+++ Entries supplied

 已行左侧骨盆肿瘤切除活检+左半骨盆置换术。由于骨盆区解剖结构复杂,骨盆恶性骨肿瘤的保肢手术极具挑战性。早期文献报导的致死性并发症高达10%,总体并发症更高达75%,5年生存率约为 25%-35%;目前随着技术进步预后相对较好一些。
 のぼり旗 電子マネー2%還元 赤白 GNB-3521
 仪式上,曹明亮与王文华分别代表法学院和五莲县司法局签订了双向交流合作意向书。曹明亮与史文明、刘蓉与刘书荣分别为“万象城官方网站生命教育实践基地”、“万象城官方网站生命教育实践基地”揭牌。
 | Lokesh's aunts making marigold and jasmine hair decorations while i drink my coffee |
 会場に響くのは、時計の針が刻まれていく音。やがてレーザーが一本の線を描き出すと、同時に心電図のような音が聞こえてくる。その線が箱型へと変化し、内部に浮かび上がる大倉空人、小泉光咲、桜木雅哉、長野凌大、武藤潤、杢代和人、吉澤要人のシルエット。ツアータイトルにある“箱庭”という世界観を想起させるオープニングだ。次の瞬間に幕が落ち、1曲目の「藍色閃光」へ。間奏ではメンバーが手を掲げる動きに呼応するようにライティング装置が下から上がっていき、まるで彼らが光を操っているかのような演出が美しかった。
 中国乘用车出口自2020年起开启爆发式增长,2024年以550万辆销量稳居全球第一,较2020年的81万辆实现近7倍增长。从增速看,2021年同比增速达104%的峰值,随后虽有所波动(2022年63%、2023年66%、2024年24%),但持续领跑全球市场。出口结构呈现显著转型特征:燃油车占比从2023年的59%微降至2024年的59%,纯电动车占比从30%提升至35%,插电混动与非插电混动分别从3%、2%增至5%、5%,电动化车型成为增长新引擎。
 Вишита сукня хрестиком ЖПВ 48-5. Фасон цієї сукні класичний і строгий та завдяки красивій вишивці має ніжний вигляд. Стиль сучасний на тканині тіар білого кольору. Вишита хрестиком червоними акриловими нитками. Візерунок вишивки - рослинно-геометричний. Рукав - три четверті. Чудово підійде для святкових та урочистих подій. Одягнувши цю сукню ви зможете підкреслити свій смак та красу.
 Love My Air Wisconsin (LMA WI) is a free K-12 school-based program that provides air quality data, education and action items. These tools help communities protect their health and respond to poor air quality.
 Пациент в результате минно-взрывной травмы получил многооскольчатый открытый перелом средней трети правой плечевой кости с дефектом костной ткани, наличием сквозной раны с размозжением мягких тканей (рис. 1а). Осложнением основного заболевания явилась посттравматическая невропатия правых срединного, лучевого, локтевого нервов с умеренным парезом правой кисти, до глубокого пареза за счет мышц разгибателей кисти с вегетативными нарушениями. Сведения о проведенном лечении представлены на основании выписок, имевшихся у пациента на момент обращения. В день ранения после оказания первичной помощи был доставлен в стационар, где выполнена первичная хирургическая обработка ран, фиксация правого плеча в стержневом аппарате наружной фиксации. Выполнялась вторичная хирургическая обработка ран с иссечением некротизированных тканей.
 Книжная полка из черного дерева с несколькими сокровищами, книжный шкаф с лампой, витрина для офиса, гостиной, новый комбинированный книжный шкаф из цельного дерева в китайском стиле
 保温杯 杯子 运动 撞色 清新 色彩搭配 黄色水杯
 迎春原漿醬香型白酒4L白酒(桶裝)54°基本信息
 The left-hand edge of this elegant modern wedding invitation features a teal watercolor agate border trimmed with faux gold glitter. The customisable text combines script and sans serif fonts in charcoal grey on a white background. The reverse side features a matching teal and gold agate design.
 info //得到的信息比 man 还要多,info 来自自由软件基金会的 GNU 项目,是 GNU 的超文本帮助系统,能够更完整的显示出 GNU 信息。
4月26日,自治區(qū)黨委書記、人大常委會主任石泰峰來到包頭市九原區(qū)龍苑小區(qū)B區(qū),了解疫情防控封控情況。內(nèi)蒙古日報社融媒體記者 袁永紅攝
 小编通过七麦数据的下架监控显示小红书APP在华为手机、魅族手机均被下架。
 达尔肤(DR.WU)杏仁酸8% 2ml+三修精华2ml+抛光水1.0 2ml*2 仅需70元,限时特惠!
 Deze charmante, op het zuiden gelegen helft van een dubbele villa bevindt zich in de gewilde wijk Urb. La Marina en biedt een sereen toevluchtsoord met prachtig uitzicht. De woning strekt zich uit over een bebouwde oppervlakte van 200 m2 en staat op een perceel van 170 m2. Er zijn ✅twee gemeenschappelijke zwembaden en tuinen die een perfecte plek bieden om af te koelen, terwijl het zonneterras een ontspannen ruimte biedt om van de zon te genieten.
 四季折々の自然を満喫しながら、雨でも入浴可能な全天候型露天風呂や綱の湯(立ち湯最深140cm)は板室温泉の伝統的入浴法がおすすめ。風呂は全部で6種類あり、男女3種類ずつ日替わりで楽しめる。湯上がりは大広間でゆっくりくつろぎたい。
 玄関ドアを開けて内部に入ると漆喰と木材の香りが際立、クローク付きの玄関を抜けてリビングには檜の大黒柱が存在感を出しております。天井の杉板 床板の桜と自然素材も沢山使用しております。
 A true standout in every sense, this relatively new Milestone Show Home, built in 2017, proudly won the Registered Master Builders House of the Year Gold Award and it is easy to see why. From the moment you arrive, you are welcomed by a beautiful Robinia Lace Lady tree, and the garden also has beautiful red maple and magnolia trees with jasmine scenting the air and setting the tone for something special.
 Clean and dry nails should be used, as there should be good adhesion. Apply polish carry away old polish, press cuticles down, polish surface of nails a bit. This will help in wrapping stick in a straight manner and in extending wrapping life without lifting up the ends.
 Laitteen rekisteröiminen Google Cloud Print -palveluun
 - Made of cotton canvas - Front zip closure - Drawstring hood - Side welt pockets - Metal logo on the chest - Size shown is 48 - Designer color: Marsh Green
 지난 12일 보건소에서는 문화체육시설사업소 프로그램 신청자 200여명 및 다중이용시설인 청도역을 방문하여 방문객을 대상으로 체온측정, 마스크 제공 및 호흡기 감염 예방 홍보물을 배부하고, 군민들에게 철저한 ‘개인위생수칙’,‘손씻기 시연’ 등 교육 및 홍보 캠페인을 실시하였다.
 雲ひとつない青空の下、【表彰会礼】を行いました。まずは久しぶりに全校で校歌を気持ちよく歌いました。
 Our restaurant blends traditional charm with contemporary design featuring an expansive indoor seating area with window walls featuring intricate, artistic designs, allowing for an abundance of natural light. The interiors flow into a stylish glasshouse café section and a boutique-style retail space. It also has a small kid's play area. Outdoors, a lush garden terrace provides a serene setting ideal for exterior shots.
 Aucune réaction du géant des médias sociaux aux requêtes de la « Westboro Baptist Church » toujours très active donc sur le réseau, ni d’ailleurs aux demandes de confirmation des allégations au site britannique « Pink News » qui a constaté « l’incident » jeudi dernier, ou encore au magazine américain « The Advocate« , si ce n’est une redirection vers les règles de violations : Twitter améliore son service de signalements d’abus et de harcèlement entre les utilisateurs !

++++++

Task details | If the string "provides" is in a line of the entries, pick that line out.

Expected answer |
 Love My Air Wisconsin (LMA WI) is a free K-12 school-based program that provides air quality data, education and action items. These tools help communities protect their health and respond to poor air quality.
 Our restaurant blends traditional charm with contemporary design featuring an expansive indoor seating area with window walls featuring intricate, artistic designs, allowing for an abundance of natural light. The interiors flow into a stylish glasshouse café section and a boutique-style retail space. It also has a small kid's play area. Outdoors, a lush garden terrace provides a serene setting ideal for exterior shots.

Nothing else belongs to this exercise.